▸ **About this exercise**:
Below is a listing with pictures in it; transcribe exactly the lines from the one that has "Hombre de frente, con" through the one that has "La tettoia bioclimatica", and omit those pictures.

▸ **Data for analysis**:
-- Opening Marker --

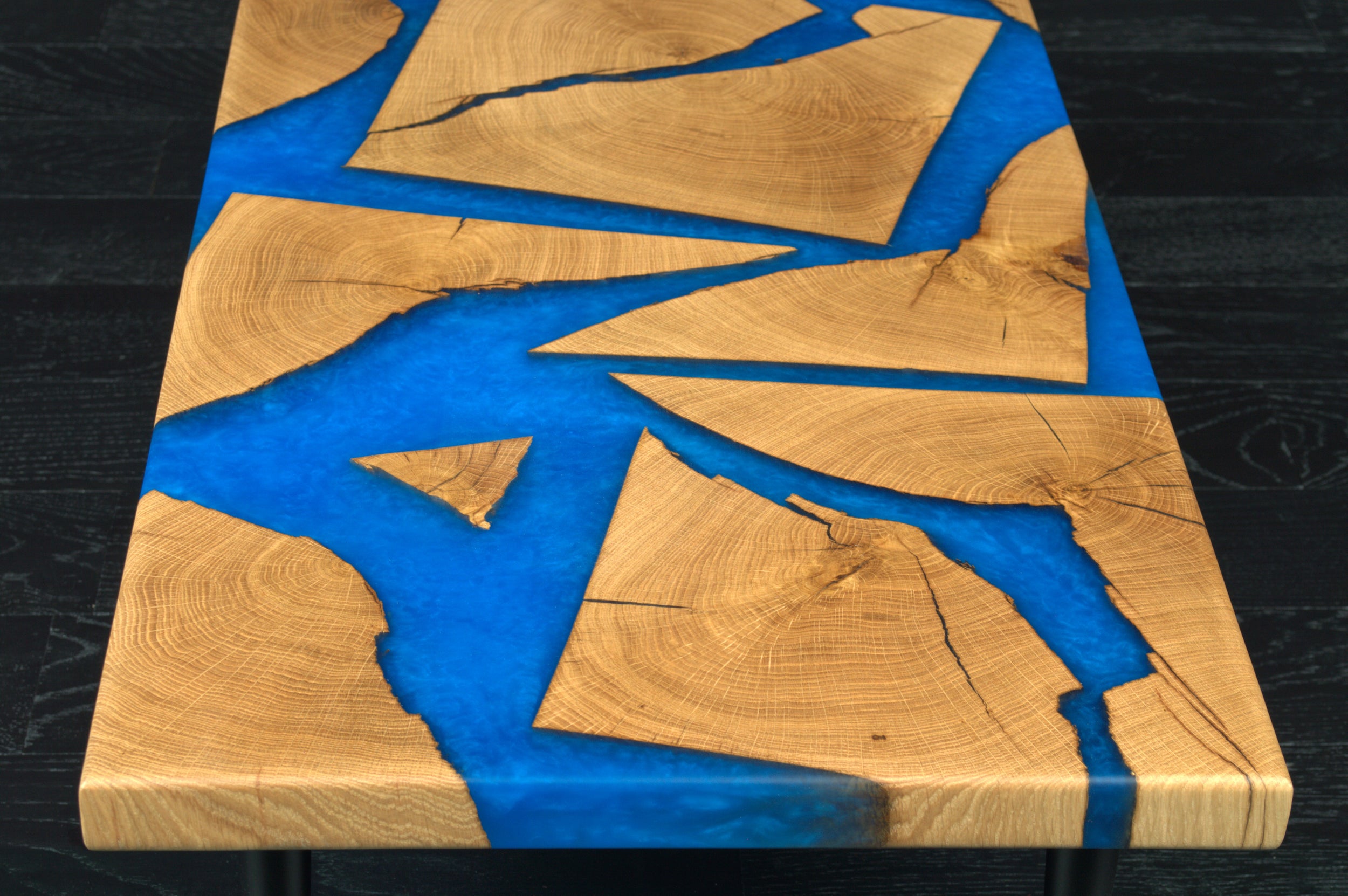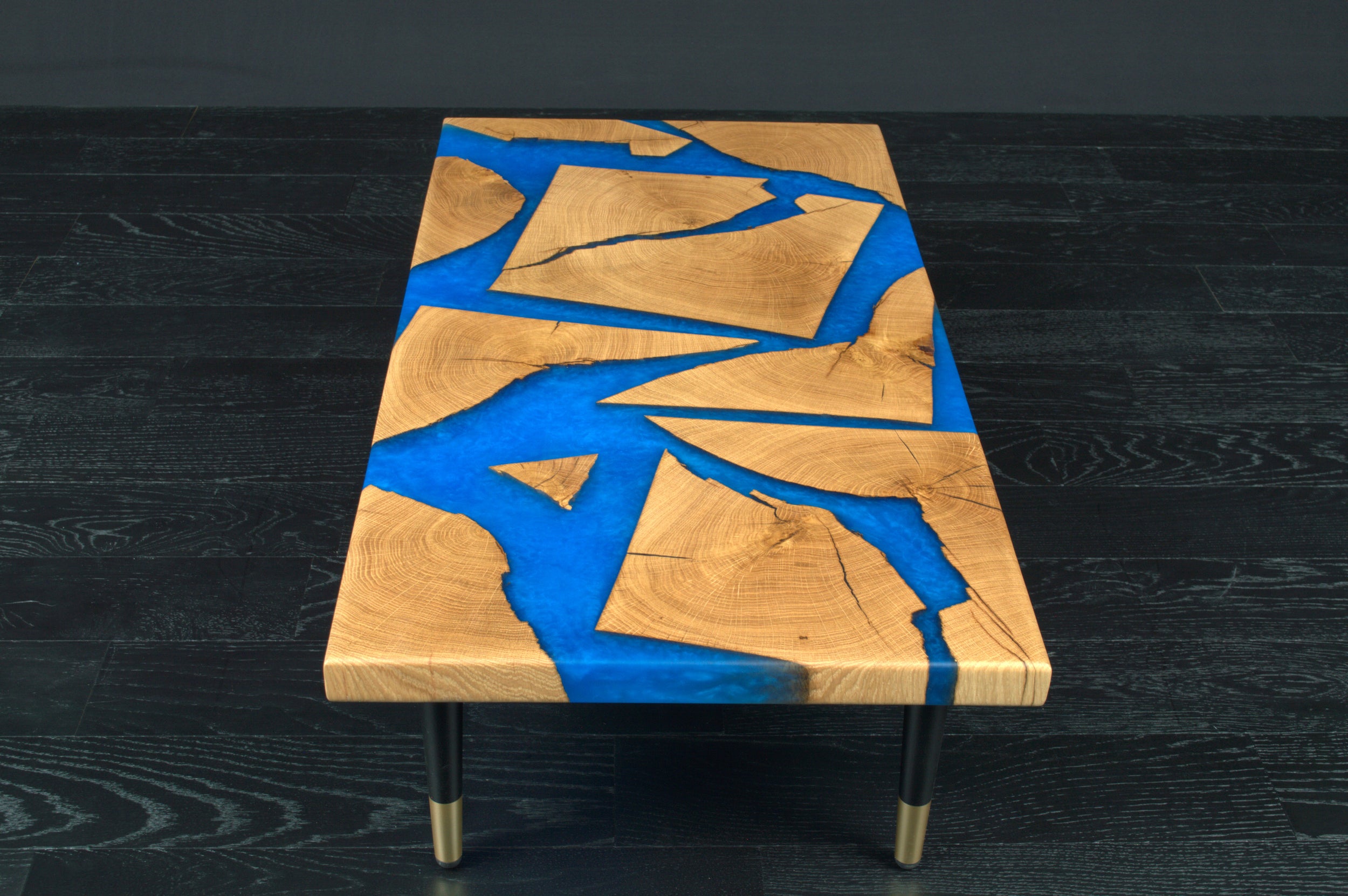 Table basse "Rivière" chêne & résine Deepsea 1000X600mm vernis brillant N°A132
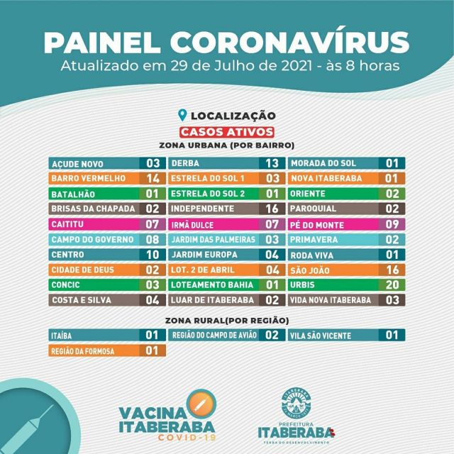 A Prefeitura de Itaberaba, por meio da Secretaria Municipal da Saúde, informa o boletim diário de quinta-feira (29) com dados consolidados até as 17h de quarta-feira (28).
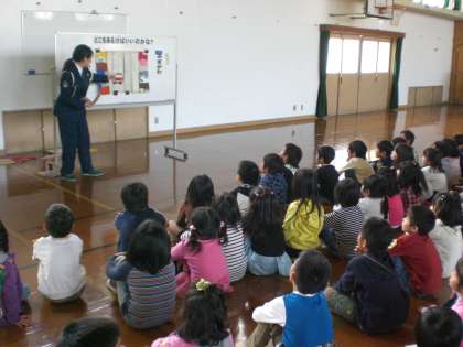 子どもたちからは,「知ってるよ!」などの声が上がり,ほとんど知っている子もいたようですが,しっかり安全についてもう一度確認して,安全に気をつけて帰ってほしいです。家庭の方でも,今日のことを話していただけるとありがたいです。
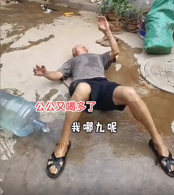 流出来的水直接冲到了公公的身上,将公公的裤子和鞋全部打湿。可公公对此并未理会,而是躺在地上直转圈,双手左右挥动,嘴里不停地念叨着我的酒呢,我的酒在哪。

-- Closing Marker --
-- Opening Marker --

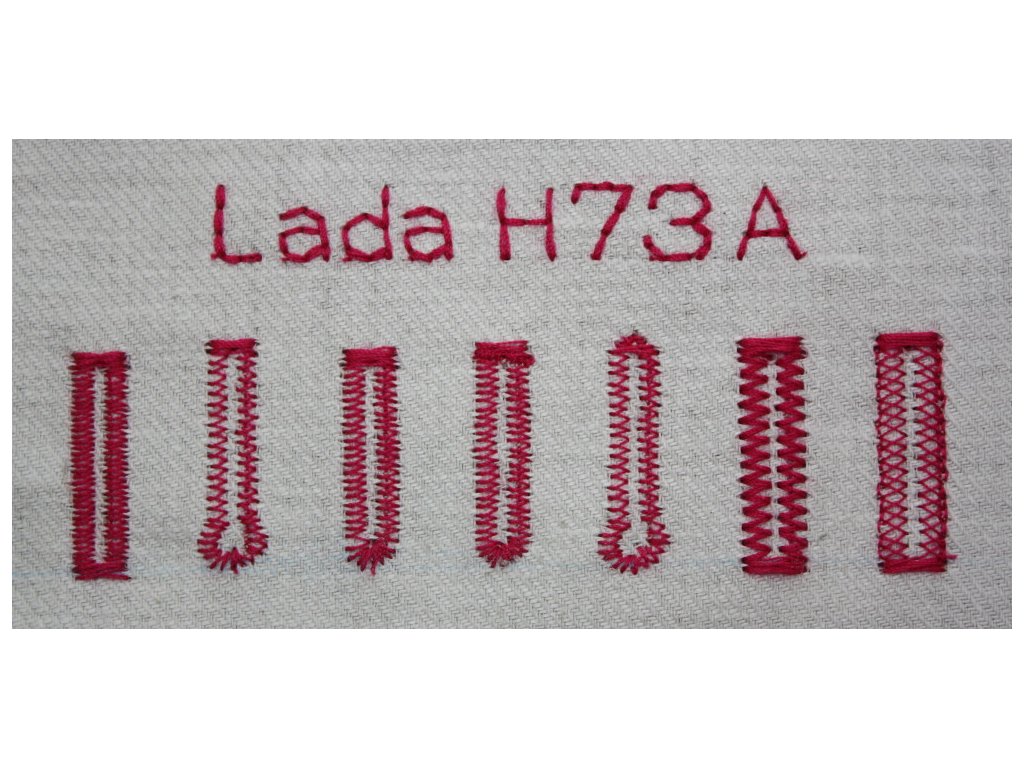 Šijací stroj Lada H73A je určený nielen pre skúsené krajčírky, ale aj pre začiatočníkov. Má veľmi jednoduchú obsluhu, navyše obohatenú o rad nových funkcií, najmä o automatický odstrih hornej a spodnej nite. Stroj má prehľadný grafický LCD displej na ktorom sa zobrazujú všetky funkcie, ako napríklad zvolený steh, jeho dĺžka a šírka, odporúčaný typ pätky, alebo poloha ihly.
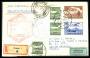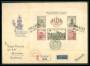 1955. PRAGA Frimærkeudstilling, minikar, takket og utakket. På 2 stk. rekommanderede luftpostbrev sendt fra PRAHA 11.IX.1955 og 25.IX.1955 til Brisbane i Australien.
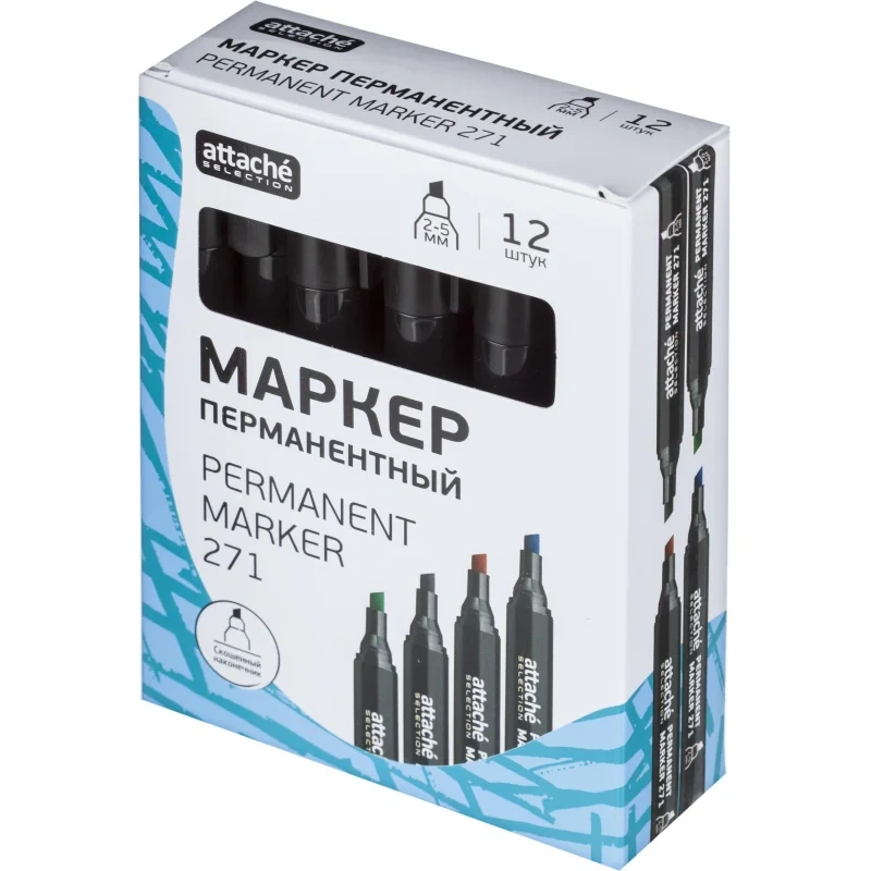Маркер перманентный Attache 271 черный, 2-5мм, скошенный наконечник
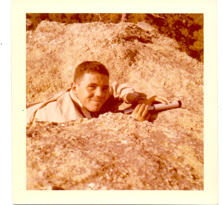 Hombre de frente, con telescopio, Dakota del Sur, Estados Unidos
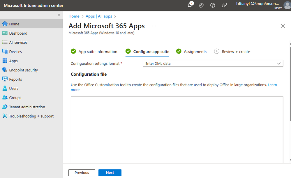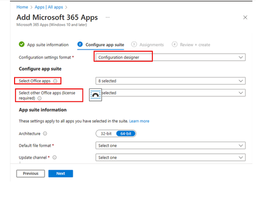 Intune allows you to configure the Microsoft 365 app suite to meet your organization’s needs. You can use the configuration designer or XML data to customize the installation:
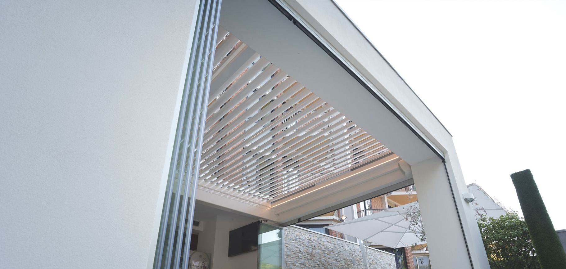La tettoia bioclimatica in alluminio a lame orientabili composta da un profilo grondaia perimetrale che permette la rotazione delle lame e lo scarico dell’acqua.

-- Closing Marker --
-- Opening Marker --

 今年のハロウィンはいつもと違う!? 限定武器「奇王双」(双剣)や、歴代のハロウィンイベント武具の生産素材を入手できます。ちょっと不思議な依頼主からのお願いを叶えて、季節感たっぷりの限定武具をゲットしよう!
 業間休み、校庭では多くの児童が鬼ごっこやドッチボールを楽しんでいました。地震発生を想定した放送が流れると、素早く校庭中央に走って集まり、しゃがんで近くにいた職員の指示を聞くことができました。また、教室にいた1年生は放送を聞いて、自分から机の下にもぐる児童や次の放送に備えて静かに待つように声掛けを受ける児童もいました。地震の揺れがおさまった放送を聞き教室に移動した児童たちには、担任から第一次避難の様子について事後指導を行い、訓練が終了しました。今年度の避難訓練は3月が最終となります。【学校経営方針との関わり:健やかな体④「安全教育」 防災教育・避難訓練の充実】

-- Closing Marker --

▸ **Response**:
 Hombre de frente, con telescopio, Dakota del Sur, Estados Unidos
 Intune allows you to configure the Microsoft 365 app suite to meet your organization’s needs. You can use the configuration designer or XML data to customize the installation:
La tettoia bioclimatica in alluminio a lame orientabili composta da un profilo grondaia perimetrale che permette la rotazione delle lame e lo scarico dell’acqua.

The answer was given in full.